# [TASK OBJECTIVE]
As output, give the exact lines from the one containing "The A-S2000 achieves" through the end of the listing below, both included, without the pictures.
-.-.-
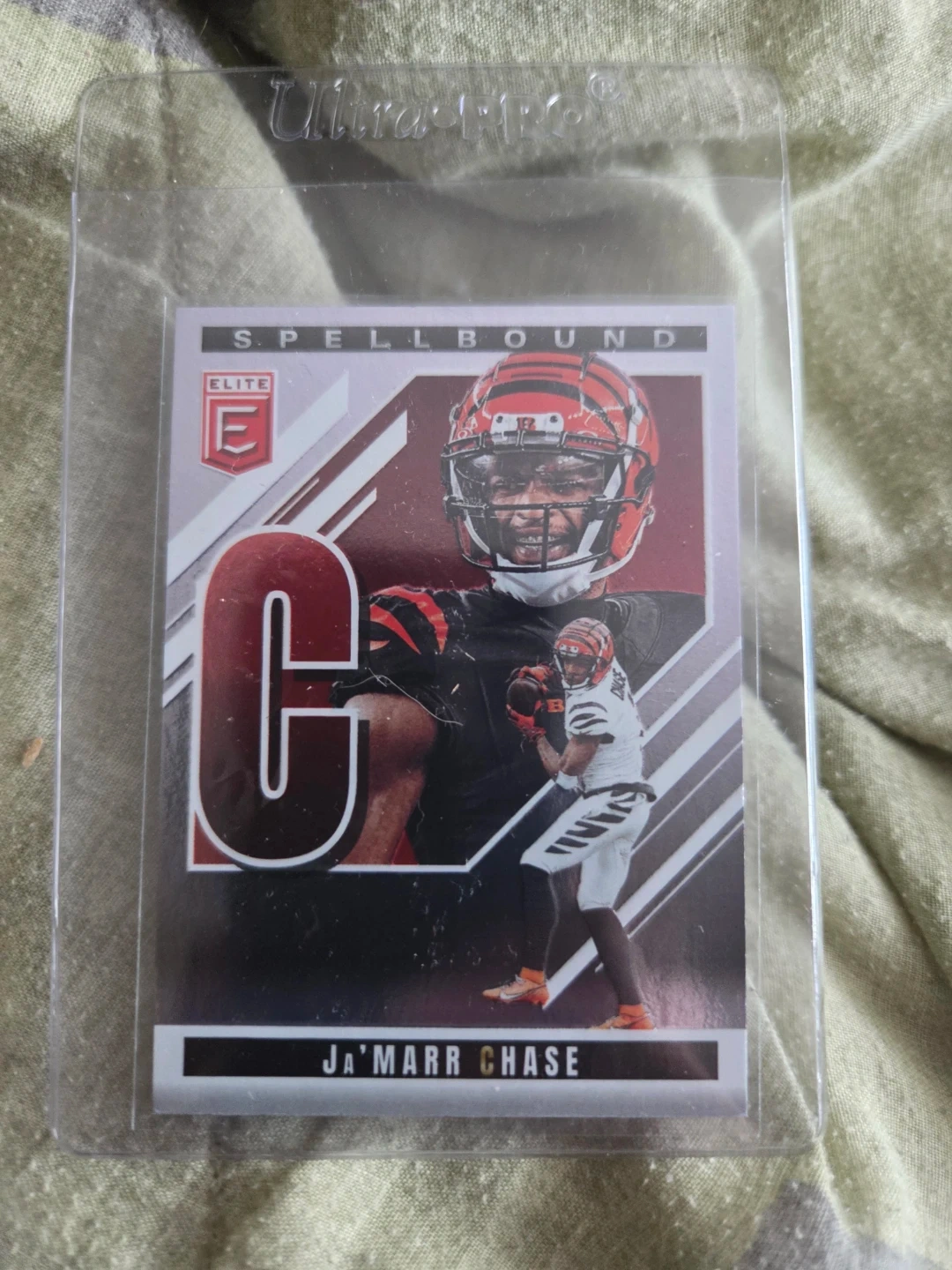 63Selling a Ja'Marr Chase Spellbound Elite football card! It's in great condition and comes in a protective case. A must-have for any Bengals or football card collector!
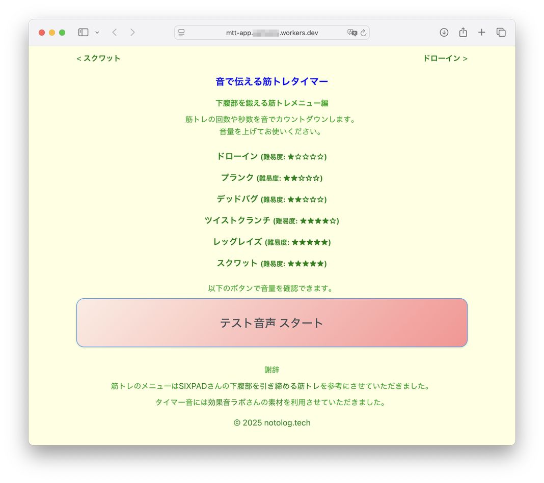 訪問するボタンをクリックすると、筋トレタイマーが無事起動できました!
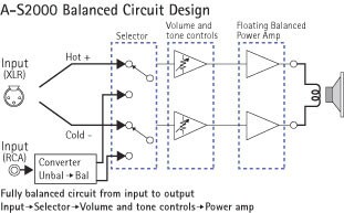 The A-S2000 achieves fully balanced signal transmission from input to output (balanced design refers to the use of two signal
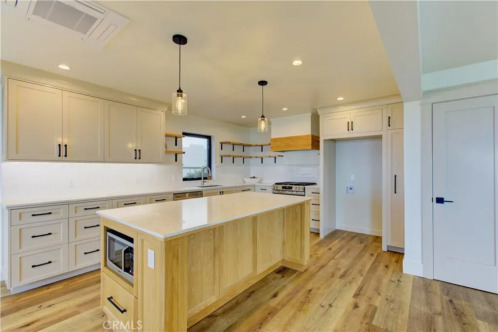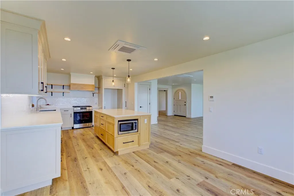 In addition to this elegant, crafted home, has a wraparound porch that extends from the front door all around the front of the house. It features custom railings with glass retaining panels. For those evenings or early mornings when you want to enjoy an oasis-like atmosphere, the backyard presents a refined outdoor fireplace with plenty of seating and panoramic views of the Central Coast and foothills.
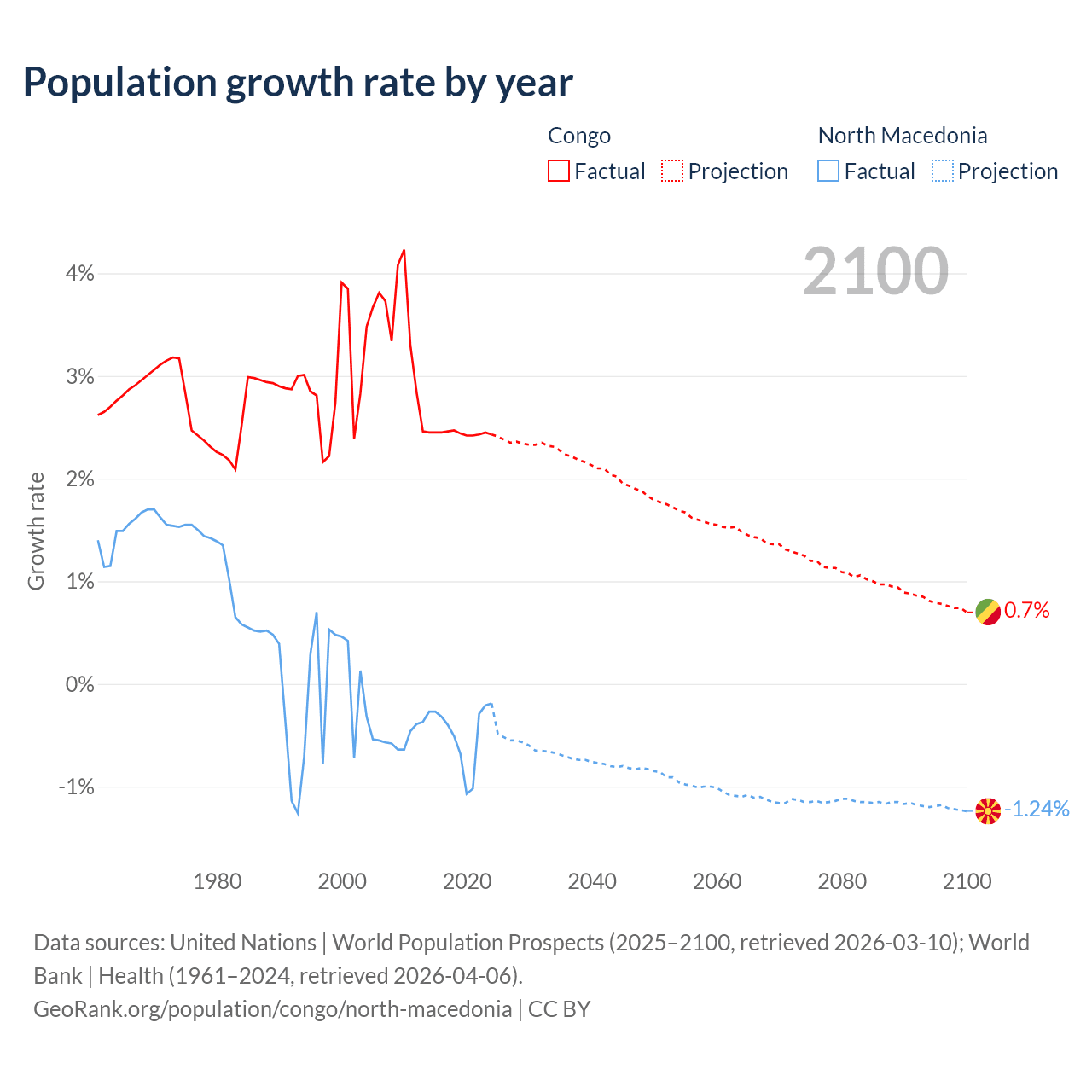 Congo vs North Macedonia: population by year and forecast
-.-.-
# [EXERCISE SOLUTION]
 The A-S2000 achieves fully balanced signal transmission from input to output (balanced design refers to the use of two signal
 In addition to this elegant, crafted home, has a wraparound porch that extends from the front door all around the front of the house. It features custom railings with glass retaining panels. For those evenings or early mornings when you want to enjoy an oasis-like atmosphere, the backyard presents a refined outdoor fireplace with plenty of seating and panoramic views of the Central Coast and foothills.
 Congo vs North Macedonia: population by year and forecast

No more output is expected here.